## PROBLEM
Please output the listing that follows exactly, but keep all images out.

:: INFORMATION SHOWN ::

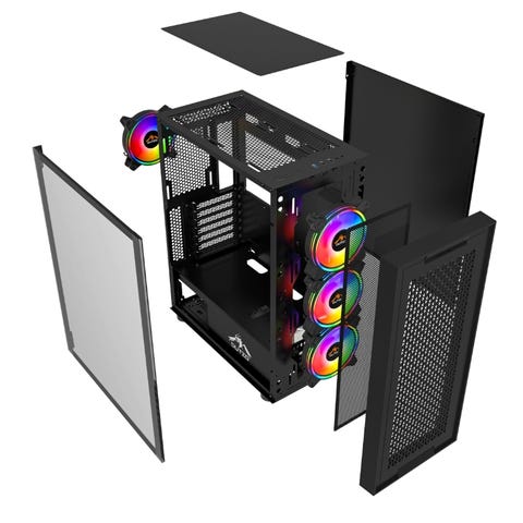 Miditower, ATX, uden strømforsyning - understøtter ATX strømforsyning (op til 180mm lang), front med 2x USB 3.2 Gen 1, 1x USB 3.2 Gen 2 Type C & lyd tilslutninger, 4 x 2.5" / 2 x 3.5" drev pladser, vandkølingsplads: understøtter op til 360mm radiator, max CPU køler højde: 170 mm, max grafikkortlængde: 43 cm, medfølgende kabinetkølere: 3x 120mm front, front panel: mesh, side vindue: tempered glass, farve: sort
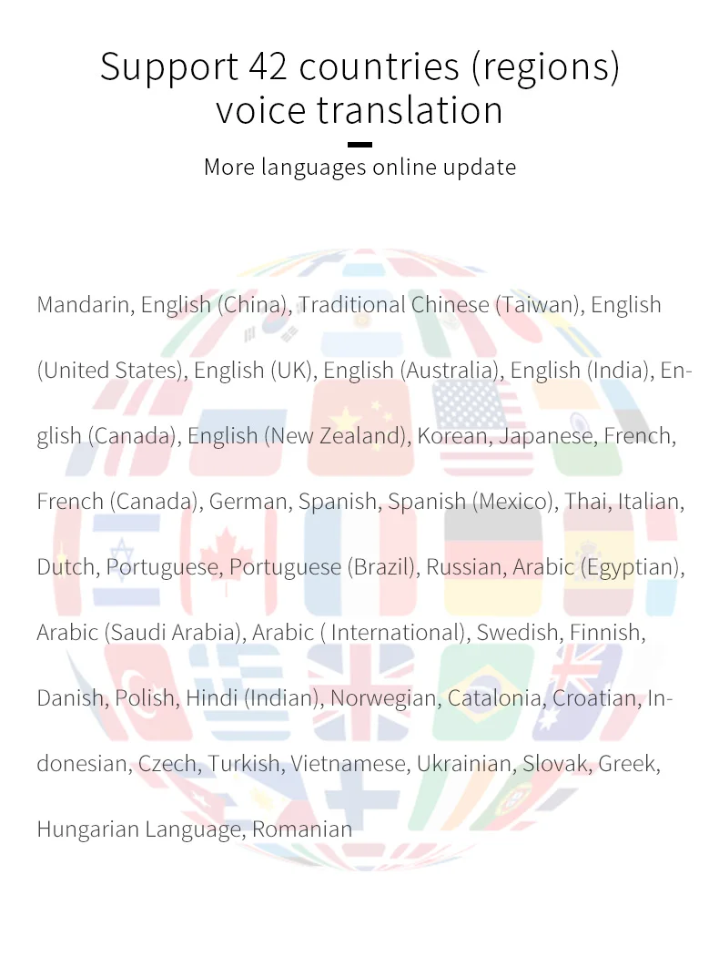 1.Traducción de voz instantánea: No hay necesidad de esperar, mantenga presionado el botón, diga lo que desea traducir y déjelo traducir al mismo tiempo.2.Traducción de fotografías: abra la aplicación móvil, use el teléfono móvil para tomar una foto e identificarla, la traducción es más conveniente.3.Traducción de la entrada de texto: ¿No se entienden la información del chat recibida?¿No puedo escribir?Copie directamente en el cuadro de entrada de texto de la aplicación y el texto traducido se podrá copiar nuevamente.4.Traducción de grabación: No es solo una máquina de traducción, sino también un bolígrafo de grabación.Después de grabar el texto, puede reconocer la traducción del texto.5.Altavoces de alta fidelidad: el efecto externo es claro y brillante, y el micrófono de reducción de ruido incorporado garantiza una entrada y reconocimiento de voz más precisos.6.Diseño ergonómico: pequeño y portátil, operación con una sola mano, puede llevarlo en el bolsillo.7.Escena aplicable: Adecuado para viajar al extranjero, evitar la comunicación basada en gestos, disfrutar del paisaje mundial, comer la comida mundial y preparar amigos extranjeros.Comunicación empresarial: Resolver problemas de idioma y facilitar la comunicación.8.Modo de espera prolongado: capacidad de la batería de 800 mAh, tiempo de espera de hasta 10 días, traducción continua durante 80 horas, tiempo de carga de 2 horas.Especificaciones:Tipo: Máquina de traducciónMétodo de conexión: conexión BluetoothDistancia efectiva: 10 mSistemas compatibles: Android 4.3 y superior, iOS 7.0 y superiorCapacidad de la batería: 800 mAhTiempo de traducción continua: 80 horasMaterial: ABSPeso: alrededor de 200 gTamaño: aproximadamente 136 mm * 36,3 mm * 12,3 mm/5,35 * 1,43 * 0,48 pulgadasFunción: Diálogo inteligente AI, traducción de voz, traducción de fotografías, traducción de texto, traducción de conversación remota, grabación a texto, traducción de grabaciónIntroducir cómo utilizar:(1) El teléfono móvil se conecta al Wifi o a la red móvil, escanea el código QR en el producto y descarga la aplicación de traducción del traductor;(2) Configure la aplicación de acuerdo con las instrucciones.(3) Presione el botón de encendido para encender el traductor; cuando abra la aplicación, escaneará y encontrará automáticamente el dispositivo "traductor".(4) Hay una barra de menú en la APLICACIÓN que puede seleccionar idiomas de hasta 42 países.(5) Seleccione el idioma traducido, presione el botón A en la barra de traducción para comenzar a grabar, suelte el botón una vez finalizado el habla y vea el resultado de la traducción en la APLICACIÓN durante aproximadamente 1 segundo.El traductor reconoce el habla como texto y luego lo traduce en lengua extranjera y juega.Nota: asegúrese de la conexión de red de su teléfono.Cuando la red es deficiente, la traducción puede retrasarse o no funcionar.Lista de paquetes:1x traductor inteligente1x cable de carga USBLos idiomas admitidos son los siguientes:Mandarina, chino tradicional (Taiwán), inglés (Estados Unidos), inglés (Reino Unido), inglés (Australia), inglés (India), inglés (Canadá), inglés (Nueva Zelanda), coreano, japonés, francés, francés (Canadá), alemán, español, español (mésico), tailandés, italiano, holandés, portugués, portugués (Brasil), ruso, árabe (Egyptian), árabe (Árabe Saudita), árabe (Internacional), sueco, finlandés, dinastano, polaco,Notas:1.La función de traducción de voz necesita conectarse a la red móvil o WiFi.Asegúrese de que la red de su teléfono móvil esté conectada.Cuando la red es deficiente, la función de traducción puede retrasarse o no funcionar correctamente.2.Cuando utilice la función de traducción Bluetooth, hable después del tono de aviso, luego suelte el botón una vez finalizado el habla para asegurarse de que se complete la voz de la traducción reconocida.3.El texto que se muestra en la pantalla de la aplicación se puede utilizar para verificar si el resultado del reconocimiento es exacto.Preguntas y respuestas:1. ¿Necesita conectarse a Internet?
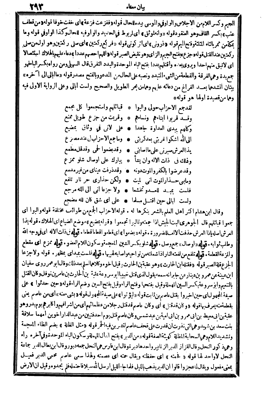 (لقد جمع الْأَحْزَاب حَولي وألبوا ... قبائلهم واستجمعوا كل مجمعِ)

:::

## ANSWER TO THIS EXERCISE
 Miditower, ATX, uden strømforsyning - understøtter ATX strømforsyning (op til 180mm lang), front med 2x USB 3.2 Gen 1, 1x USB 3.2 Gen 2 Type C & lyd tilslutninger, 4 x 2.5" / 2 x 3.5" drev pladser, vandkølingsplads: understøtter op til 360mm radiator, max CPU køler højde: 170 mm, max grafikkortlængde: 43 cm, medfølgende kabinetkølere: 3x 120mm front, front panel: mesh, side vindue: tempered glass, farve: sort
 1.Traducción de voz instantánea: No hay necesidad de esperar, mantenga presionado el botón, diga lo que desea traducir y déjelo traducir al mismo tiempo.2.Traducción de fotografías: abra la aplicación móvil, use el teléfono móvil para tomar una foto e identificarla, la traducción es más conveniente.3.Traducción de la entrada de texto: ¿No se entienden la información del chat recibida?¿No puedo escribir?Copie directamente en el cuadro de entrada de texto de la aplicación y el texto traducido se podrá copiar nuevamente.4.Traducción de grabación: No es solo una máquina de traducción, sino también un bolígrafo de grabación.Después de grabar el texto, puede reconocer la traducción del texto.5.Altavoces de alta fidelidad: el efecto externo es claro y brillante, y el micrófono de reducción de ruido incorporado garantiza una entrada y reconocimiento de voz más precisos.6.Diseño ergonómico: pequeño y portátil, operación con una sola mano, puede llevarlo en el bolsillo.7.Escena aplicable: Adecuado para viajar al extranjero, evitar la comunicación basada en gestos, disfrutar del paisaje mundial, comer la comida mundial y preparar amigos extranjeros.Comunicación empresarial: Resolver problemas de idioma y facilitar la comunicación.8.Modo de espera prolongado: capacidad de la batería de 800 mAh, tiempo de espera de hasta 10 días, traducción continua durante 80 horas, tiempo de carga de 2 horas.Especificaciones:Tipo: Máquina de traducciónMétodo de conexión: conexión BluetoothDistancia efectiva: 10 mSistemas compatibles: Android 4.3 y superior, iOS 7.0 y superiorCapacidad de la batería: 800 mAhTiempo de traducción continua: 80 horasMaterial: ABSPeso: alrededor de 200 gTamaño: aproximadamente 136 mm * 36,3 mm * 12,3 mm/5,35 * 1,43 * 0,48 pulgadasFunción: Diálogo inteligente AI, traducción de voz, traducción de fotografías, traducción de texto, traducción de conversación remota, grabación a texto, traducción de grabaciónIntroducir cómo utilizar:(1) El teléfono móvil se conecta al Wifi o a la red móvil, escanea el código QR en el producto y descarga la aplicación de traducción del traductor;(2) Configure la aplicación de acuerdo con las instrucciones.(3) Presione el botón de encendido para encender el traductor; cuando abra la aplicación, escaneará y encontrará automáticamente el dispositivo "traductor".(4) Hay una barra de menú en la APLICACIÓN que puede seleccionar idiomas de hasta 42 países.(5) Seleccione el idioma traducido, presione el botón A en la barra de traducción para comenzar a grabar, suelte el botón una vez finalizado el habla y vea el resultado de la traducción en la APLICACIÓN durante aproximadamente 1 segundo.El traductor reconoce el habla como texto y luego lo traduce en lengua extranjera y juega.Nota: asegúrese de la conexión de red de su teléfono.Cuando la red es deficiente, la traducción puede retrasarse o no funcionar.Lista de paquetes:1x traductor inteligente1x cable de carga USBLos idiomas admitidos son los siguientes:Mandarina, chino tradicional (Taiwán), inglés (Estados Unidos), inglés (Reino Unido), inglés (Australia), inglés (India), inglés (Canadá), inglés (Nueva Zelanda), coreano, japonés, francés, francés (Canadá), alemán, español, español (mésico), tailandés, italiano, holandés, portugués, portugués (Brasil), ruso, árabe (Egyptian), árabe (Árabe Saudita), árabe (Internacional), sueco, finlandés, dinastano, polaco,Notas:1.La función de traducción de voz necesita conectarse a la red móvil o WiFi.Asegúrese de que la red de su teléfono móvil esté conectada.Cuando la red es deficiente, la función de traducción puede retrasarse o no funcionar correctamente.2.Cuando utilice la función de traducción Bluetooth, hable después del tono de aviso, luego suelte el botón una vez finalizado el habla para asegurarse de que se complete la voz de la traducción reconocida.3.El texto que se muestra en la pantalla de la aplicación se puede utilizar para verificar si el resultado del reconocimiento es exacto.Preguntas y respuestas:1. ¿Necesita conectarse a Internet?
 (لقد جمع الْأَحْزَاب حَولي وألبوا ... قبائلهم واستجمعوا كل مجمعِ)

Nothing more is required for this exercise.